Abbeydale unveiled

Former Abbeydale Cinema, Sheffield

Former Abbeydale Cinema, Sheffield

Since Phil Robins took ownership of the former Abbeydale Cinema, Sheffield, he’s tidied up the interior so that at last it’s possible to see the entire auditorium from the back of the stalls or the back of the balcony.  The stage remains a forest of scaffolding until the stage-tower roof is made weather-tight.

When the Sheffield Antiques Quarter Christmas Market took place at the Abbeydale I was asked to show people the auditorium, a privilege that gave me opportunity to learn more about the building.

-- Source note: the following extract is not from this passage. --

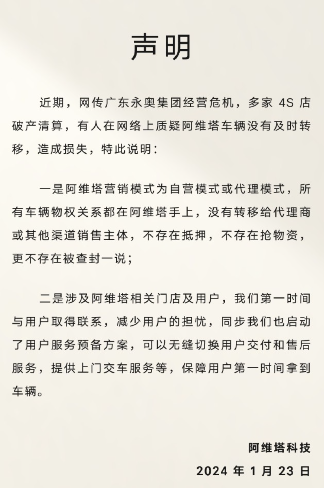 1月23日,阿维塔官方微博发布声明,回应近期网传的4S店相关问题。阿维塔称,其营销模式为自营模式或代理模式,所有车辆物权关系都在阿维塔手上,没有转移给代理商或其他渠道销售主体,不存在抵押,不存在抢物资,更不存在被查封一说。

Insurance restrictions meant that visitors were not allowed on the stage or in the circle, so I provided a PowerPoint sequence showing the angles that weren’t accessible.

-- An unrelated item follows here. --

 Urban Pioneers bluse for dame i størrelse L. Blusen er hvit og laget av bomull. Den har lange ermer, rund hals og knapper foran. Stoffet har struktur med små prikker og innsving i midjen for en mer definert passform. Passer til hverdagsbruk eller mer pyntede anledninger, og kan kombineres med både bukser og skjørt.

Talking to people who visited the cinema regularly from the 1950s to the 1970s suggested that there were at least four colour schemes over the years:

  • pale and deep cream and gold from the opening in 1920
  • pale green and gold sometime up to the early 1950s when Cinemascope was introduced
  • white or cream until at least the end of the 1960s
  • the current blue, claret and cream by the beginning of the 1970s

There may have been other colour schemes that only a paint analysis will reveal:  planning documents indicate, for instance, that a major refurbishment took place in 1928 and Clifford Shaw, in Sheffield Cinemas (Sheffield Cinema Society/Tempus 2001) p 101, shows a monochrome image of a decorative scheme that dates from August 1949.

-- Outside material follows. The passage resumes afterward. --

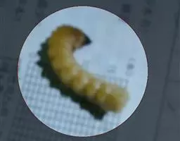 斗米虫为锈色粒肩天牛的幼虫,锈色粒肩天牛主要危害槐树Sophora japonica,…

I’m told I was introduced on the PA system as the Abbeydale’s “resident historian”, which led a friend to enquire if I had a flat in the projection room.

He’d no reason to know that in the late 1970s there was a flat in the projection suite after A & F Drake Ltd took it over as an office-equipment showroom.  Later in the day I met a lady who had lived in the flat for a couple of years.

She said that her dad and his mate had spent a night in the auditorium seeking ghostly presences.  The only presence that appeared was her cat.

Oddly, even later in the afternoon a lady asked me about the psychic history of the Abbeydale.  I had to say I didn’t know there was one, but I was able to point her towards the only accredited haunted cinema, the Don on West Bar, which still exists.

People were reassured to know that Phil’s plan to use the Abbeydale as a climbing centre won’t damage the listed interior:  all the climbing installations will be free-standing.  Indeed, one climber, a regular visitor to Phil’s existing centre, The Edge [http://www.sheffieldclimbing.com], said he was looking forward to sitting in the circle with a cup of coffee watching other climbers.

Update:  I read in the Sheffield Cinema Society June 2014 newsletter that Phil Robins has changed his plans:  the climbing-centre project at the Abbeydale isn’t going ahead – indeed, Phil has closed his other climbing centre, The Edge,– and the snooker club has moved out of the Abbeydale’s former ballroom in the basement.  For the first time in its history the entire building is empty.